Henry Marsh, neurocirurgião: ‘Gastamos demasiado dinheiro a tentar manter pessoas muito velhas com vida’

Já terá feito cerca de 15 mil cirurgias, tendo sido um dos primeiros a operar o cérebro com o paciente acordado. Aos 67 anos, Henry Marsh pratica exercício todas as manhãs, trabalha em part time, dá palestras, escreve artigos para a imprensa, pratica carpintaria e ainda cuida das suas abelhas em Londres. Continua a operar…

Em Inglaterra, quando terminam o curso de medicina, ainda fazem o juramento de Hipócrates?

Não! Se ler o Juramento de Hipócrates verá que é ridículo… Não tem nada a ver com medicina moderna.

No seu livro diz que em muitos casos é preferível deixar a pessoa morrer…

Mais cedo ou mais tarde todos teremos de morrer. Em países como a América, onde acham muito difícil deixar de ter esperança, pode-se gastar rios de dinheiro e obter muito poucos resultados.

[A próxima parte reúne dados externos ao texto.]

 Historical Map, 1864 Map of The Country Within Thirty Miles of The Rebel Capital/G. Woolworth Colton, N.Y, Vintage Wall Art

É fácil desperdiçar dinheiro na medicina. E se gastarmos todo o dinheiro a tentar manter pessoas muito velhas com vida não teremos nenhum para coisas igualmente importantes, como educar as crianças.

Nunca testemunhou algum tipo de milagre?

Sou um cientista, não sou uma pessoa supersticiosa. Houve momentos em que tive muita sorte. Já me aconteceu cometer um erro que em circunstâncias normais teria consequências catastróficas e, por alguma razão, não houve problema. Mas a experiência diz-me que é mais frequente ter más surpresas do que boas surpresas. Não acredito em milagres, não acredito em nada sobrenatural. Mas acredito na sorte. Boa ou má sorte.

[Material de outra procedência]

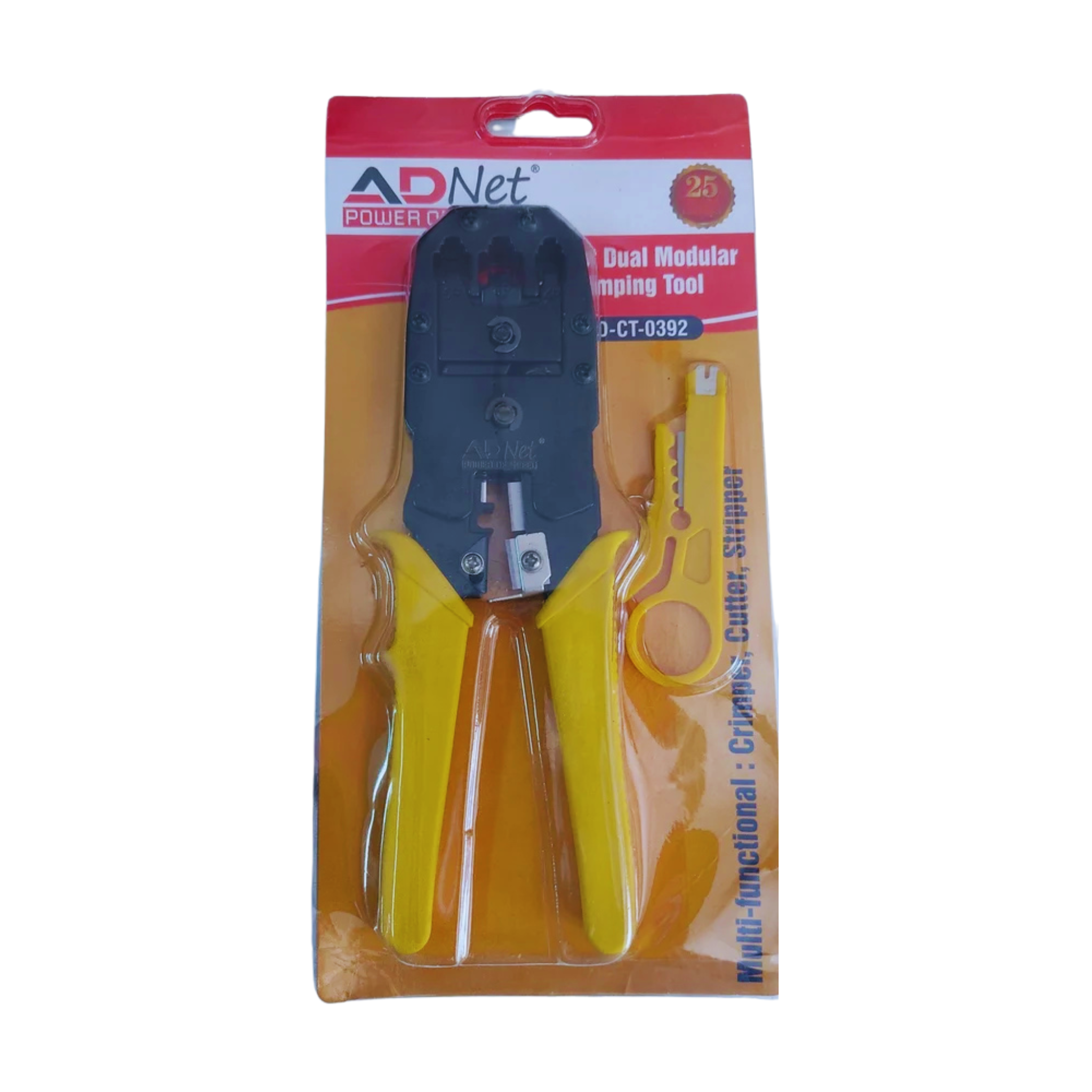 AD Net AD-CT-0392 Multifunctional Crimping Tool is designed for efficient and precise crimping of network cables, making it ideal for professional and home use. It supports multiple functions including cutting, stripping, and crimping, ensuring convenience and versatility in one tool. Built with durable materials, it offers long-lasting performance and a comfortable grip for easy handling. Available at Golchha Computer, it is a reliable choice for networking and installation tasks.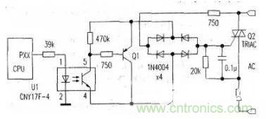 此电路对元件的要求比较高,光电耦合器U1只能采用型号为CNY17F-4的正品元件,实验中试过十多种光电耦合器,仅此型号输入电流50μA时,电路即可工作,其余光电耦合器驱动电流都需几百微安以上。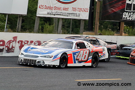 Sunset Speedway regular Dwayne Baker drove the familiar No. 48 Zancor Homes / Nisco National Leasing Ford Fusion.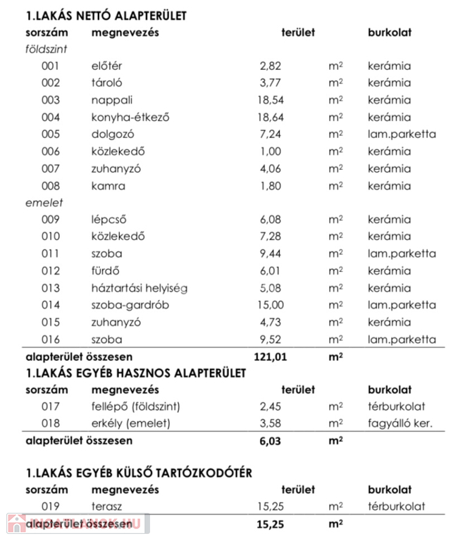 • Burkolatok: első osztályú, magas minőségű burkolatok minden helyiségben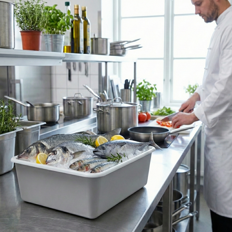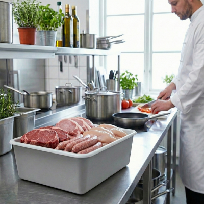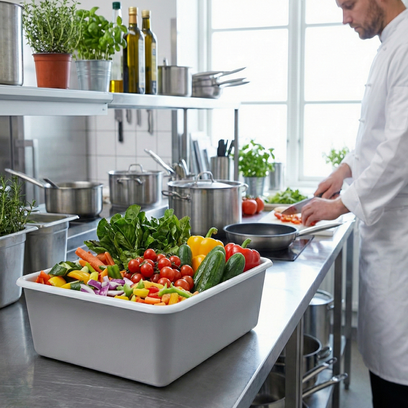 COSEDACASA Vi propone una vaschetta frigo professionale in plastica bianca da 5 litri, progettata per garantire massima igiene, robustezza e praticità in ambienti di lavoro alimentari e domestici.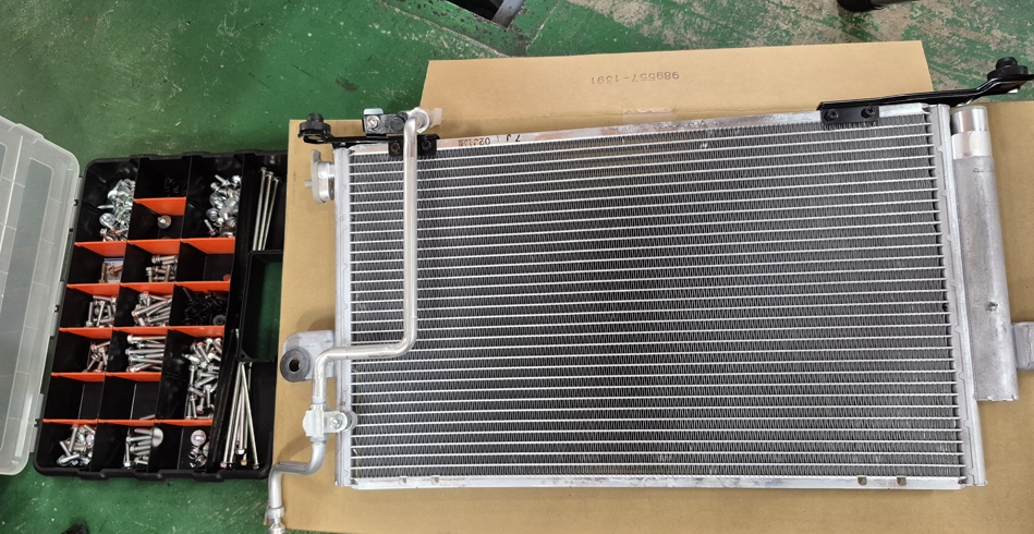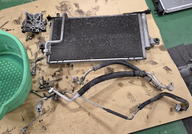 既存のエアコンパーツは全部撤去、フル新品、NDコンプレッサ仕様にします。

Neste seu livro colocou em epígrafe uma frase de La Rochefoucauld: ‘Nem o sol nem a morte podem ser olhados fixamente’. Deve ter visto muitos pacientes condenados…

Como médico vejo a morte a toda a hora. Mas é algo que acontece aos pacientes, não a mim. À medida que envelheço e depois de me reformar, comecei a aperceber-me de que eu próprio me tornarei um desses pacientes e vou morrer. E é muito difícil pensar na morte. A morte em si, para mim, não é nada. Mas a forma como morremos pode tornar-se um grande problema, como tento descrever nos meus livros. O meu pai teve a doença de Alzheimer durante dez anos. Era um advogado ilustre, um dos fundadores da Amnistia Internacional, morreu com 96 anos, era um corpo oco. Foi muito triste ver isso. Alguns pacientes têm sorte, são fulminados por um ataque cardíaco e caem mortos, outras pessoas morrem em circunstâncias horríveis. No final deste livro discuto a questão da morte assistida. Penso que em Inglaterra devíamos ter as mesmas leis que na Holanda, Bélgica, Suíça e alguns estados americanos. Não se trata de autorizar os médicos a matar pessoas – se os pacientes quiserem pôr um fim rápido à vida, os médicos deviam poder dar o comprimido necessário. E ao que parece funciona muito bem nesses países.

Acha que prolongamos a vida artificialmente demasiadas vezes?

Constantemente. Particularmente na América o excesso de tratamento é um grande problema. Há muitas razões para isso: uma delas é o paciente não ser realista, muitas vezes a família não é realista, e frequentemente os médicos evitam conversas difíceis. Se uma pessoa está num lar, tem demência, apanha uma pneumonia, é mais fácil dar-lhe antibióticos do que chamar a família, sentá-los e dizer-lhes: ‘Talvez seja altura de deixar o seu pai, mãe ou avó morrer’. É mais fácil dar-lhe antibióticos e mandá-los embora.

Atul Gawande conta que no início da carreira tinha pesadelos em que os pacientes que não tinha conseguido salvar estavam com ele na cama.

Eu nunca tive. Na formação tradicional passamos um ano na Escola de Medicina a dissecar cadáveres. Em teoria é para aprender anatomia – o que se poderia fazer através de um livro ou de imagens – na prática é mais um rito de iniciação.

É uma forma de destreinar a sensibilidade?

Sim. É um cadáver, e depois? É assim que superamos a nossa repulsa pelos cadáveres. Eu continuo a detestar autópsias – não assisto a nenhuma há muitos anos! Sempre detestei, enquanto alguns colegas meus estão muito contentes a trabalhar como patologistas e fazem autópsias todos os dias e isso não os incomoda nada.